Thursday, April 22, 2010

Neil Harris's term "operational aesthetics" covers much, if not all, of my interests in cinema. Harris develops the term in his book Humbug on P.T. Barnum. Noting that audiences flocked to Barnum's productions, even though they were known to be hoaxes and the ways Barnum's advertising invited audiences to "decide for themselves" - Harris elaborates a particularly American attitude, skeptical and information-seeking, that seeks to know how things look and how they work. It refers to the capacity of productions to appeal to the analystic,investigative, and problem-solving faculties. To elucidate his point, Harris even discusses Poe's invention of the detective story and its popularity. Yet operational aesthetics in cinema perhaps stretch beyond American borders. Early documentary forms, especially something like Basil Wright's Night Mail can be seen to be constructed around a desire to show --just as much as poeticize -- Britain's rail mail. Additionally, Eisenstein discusses something very much like the operational aesthetic (in a quote contained in Annette Michelson's essay "Dr. Crase and Mr.

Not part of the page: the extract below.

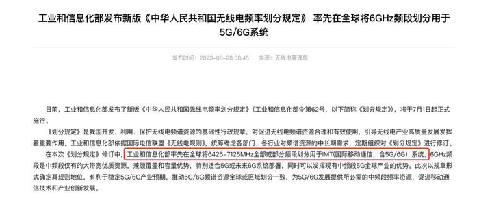 首先是我国工信部在 2023 年 6 月,就把 Wi-Fi 7 新增的 6GHz 频段中的 6425-7125MHz 频段资源,分配给了移动网络—— 5G 和未来的 6G 。

Clair") when he talks about the school film, and the ability of cinema to show pupils "how a power station, a newspaper, a book, a glass factory, a colored illustration is produced.."(paraphrase - from Conversations with Eisenstein trans. harry brose, 1970) . Urban cinema -- film which shows "how a city works" is one mode of operational aesthetics (and Eisenstein alludes to the urban nature of the school film earlier in this quote.)